1800     (Presently, unloads are disabled and will never occur, but this may
1801     change in the future.)
1802    </para>
1803
1804   </sect2>
1805
1806    <sect2 id="xfunc-c-basetype">
1807     <title>Base Types in C-Language Functions</title>
1808
1809     <indexterm zone="xfunc-c-basetype">
1810      <primary>data type</primary>
1811      <secondary>internal organization</secondary>
1812     </indexterm>
1813
1814     <para>
1815      To know how to write C-language functions, you need to know how
1816      <productname>PostgreSQL</productname> internally represents base
1817      data types and how they can be passed to and from functions.

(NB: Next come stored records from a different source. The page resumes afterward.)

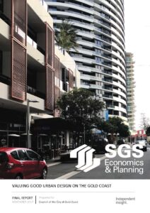 A consultancy with Gold Coast City Council resulted in the report Valuing Good Urban Design on the Gold Coast, which includes a substantial account of methodology and the justification for urban design:
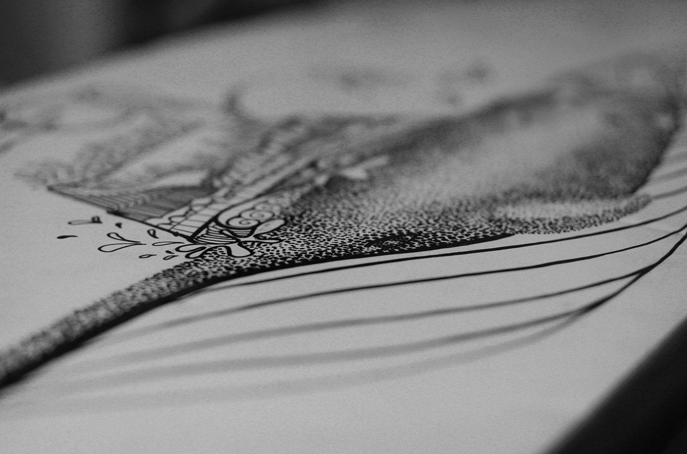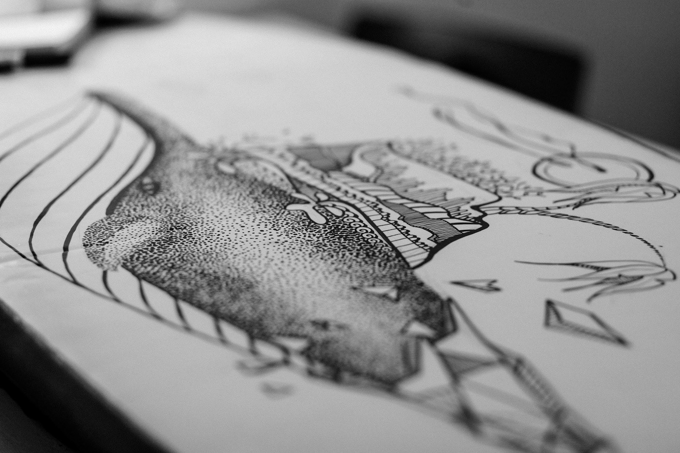 Hand made surfboard art, specially designed for it's owner, who shoot and filmed all the working process.I made all the art just using Sharpie oil black pens.
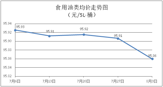 食用油類(lèi)商品價(jià)格穩(wěn)中微降。所監(jiān)測(cè)的9種食用油(5L裝)商品價(jià)格波動(dòng)情況為2跌7平,綜合零售均價(jià)為每桶95.86元,環(huán)比下降0.05%。其中:金龍魚(yú)花生油、金龍魚(yú)調(diào)和油零售均價(jià)為每桶102.83元、70.89元,環(huán)比分別持平、下降0.49%。
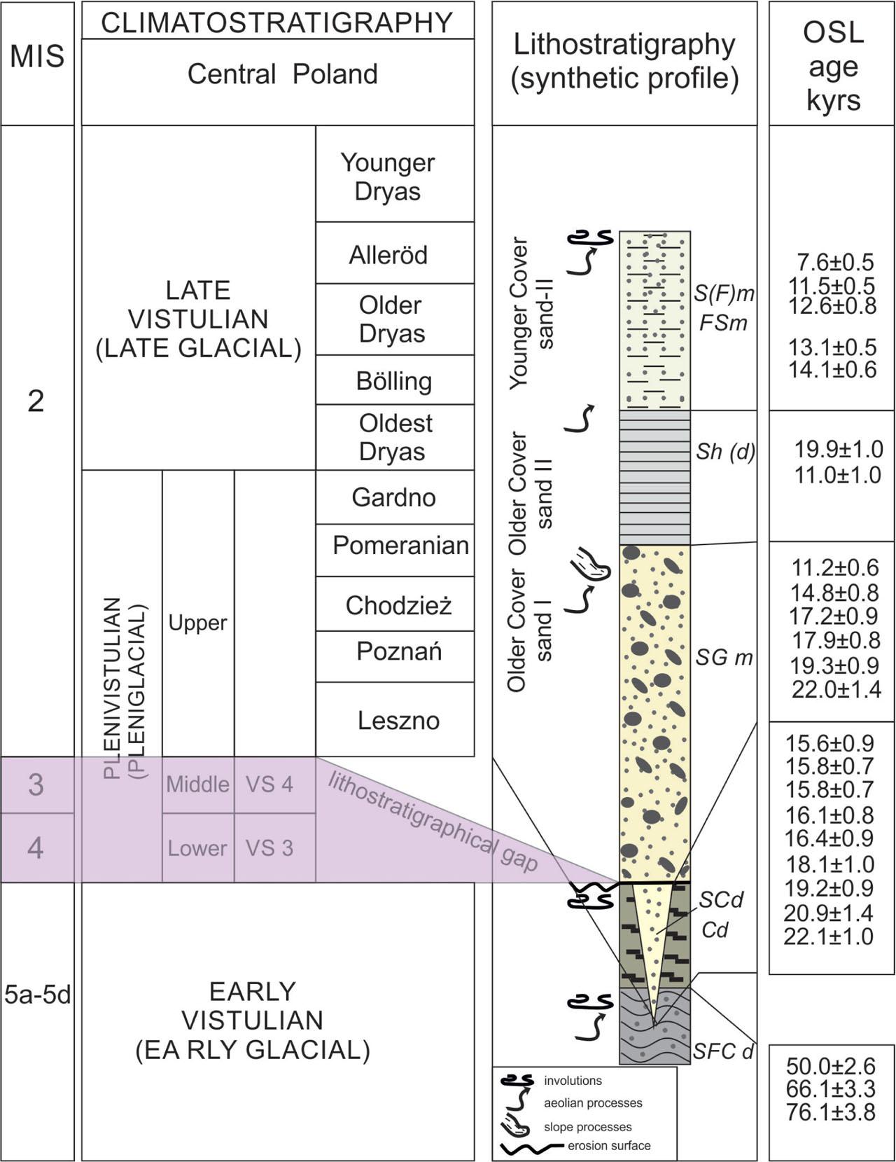 The sequence of sediments begins with lacustrine sediments deposited during the Early Vistulian with traces of cool intervals recorded in aeolian material delivery to the basin. The deformation structures are a record of cryogenic processes in cold climate conditions. A lack of deposits corresponds to MIS 4 and 3 and may indicate that erosion processes dominated here, but they have not been recorded in the sediments.
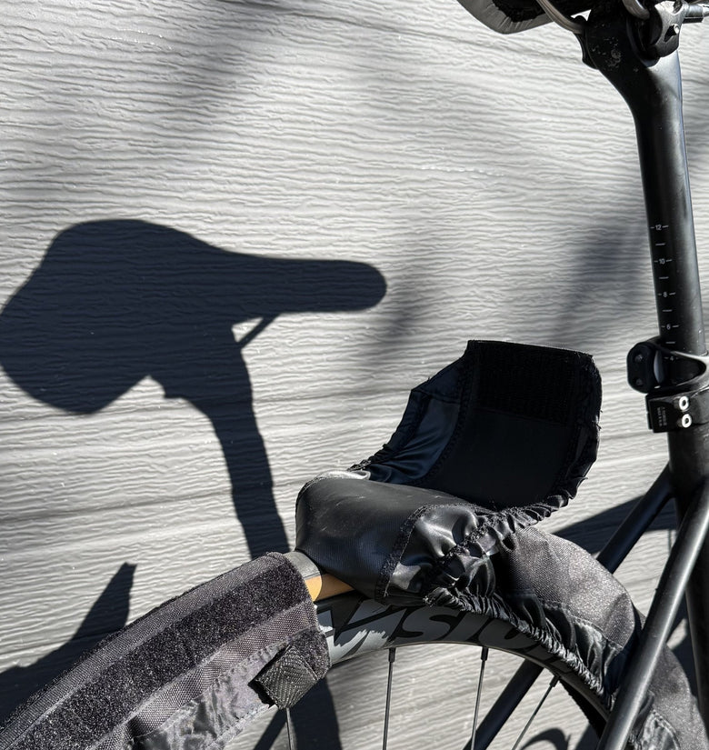 Made with tough 600-denier polyester in the center and nylon sides with snug elastic edges, they fit perfectly around your tires and let your wheels roll freely. Move your bike around, no lifting needed. Easy on, easy off, made to last — and now available in multiple sizes to fit mountain bikes, gravel and road bikes.

1818      Internally, <productname>PostgreSQL</productname> regards a base
1819      type as a <quote>blob of memory</quote>.  The user-defined
1820      functions that you define over a type in turn define the way that
1821      <productname>PostgreSQL</productname> can operate on it.  That
1822      is, <productname>PostgreSQL</productname> will only store and
1823      retrieve the data from disk and use your user-defined functions
1824      to input, process, and output the data.
1825     </para>
1826
1827     <para>
1828      Base types can have one of three internal formats:
1829
1830      <itemizedlist>
1831       <listitem>
1832        <para>
1833         pass by value, fixed-length
1834        </para>
1835       </listitem>
1836       <listitem>
1837        <para>
1838         pass by reference, fixed-length
1839        </para>
1840       </listitem>
1841       <listitem>
1842        <para>
1843         pass by reference, variable-length
1844        </para>
1845       </listitem>
1846      </itemizedlist>
1847     </para>
1848
1849     <para>
1850      By-value  types  can  only be 1, 2, or 4 bytes in length
1851      (also 8 bytes, if <literal>sizeof(Datum)</literal> is 8 on your machine).
1852      You should be careful to define your types such that they will be the
1853      same size (in bytes) on all architectures.  For example, the
1854      <literal>long</literal> type is dangerous because it is 4 bytes on some
1855      machines and 8 bytes on others, whereas <type>int</type> type is 4 bytes
1856      on most Unix machines.  A reasonable implementation of the
1857      <type>int4</type> type on Unix machines might be:
1858
1859 <programlisting>
1860 /* 4-byte integer, passed by value */
1861 typedef int int4;
1862 </programlisting>
1863
1864      (The actual PostgreSQL C code calls this type <type>int32</type>, because
1865      it is a convention in C that <type>int<replaceable>XX</replaceable></type>
1866      means <replaceable>XX</replaceable> <emphasis>bits</emphasis>.  Note
1867      therefore also that the C type <type>int8</type> is 1 byte in size.  The
1868      SQL type <type>int8</type> is called <type>int64</type> in C.  See also
1869      <xref linkend="xfunc-c-type-table">.)
1870     </para>
1871
1872     <para>
1873      On  the  other hand, fixed-length types of any size can
1874      be passed by-reference.  For example, here is a  sample
1875      implementation of a <productname>PostgreSQL</productname> type:
1876
1877 <programlisting>
1878 /* 16-byte structure, passed by reference */
1879 typedef struct
1880 {
1881     double  x, y;
1882 } Point;
1883 </programlisting>
1884
1885      Only  pointers  to  such types can be used when passing
1886      them in and out of <productname>PostgreSQL</productname> functions.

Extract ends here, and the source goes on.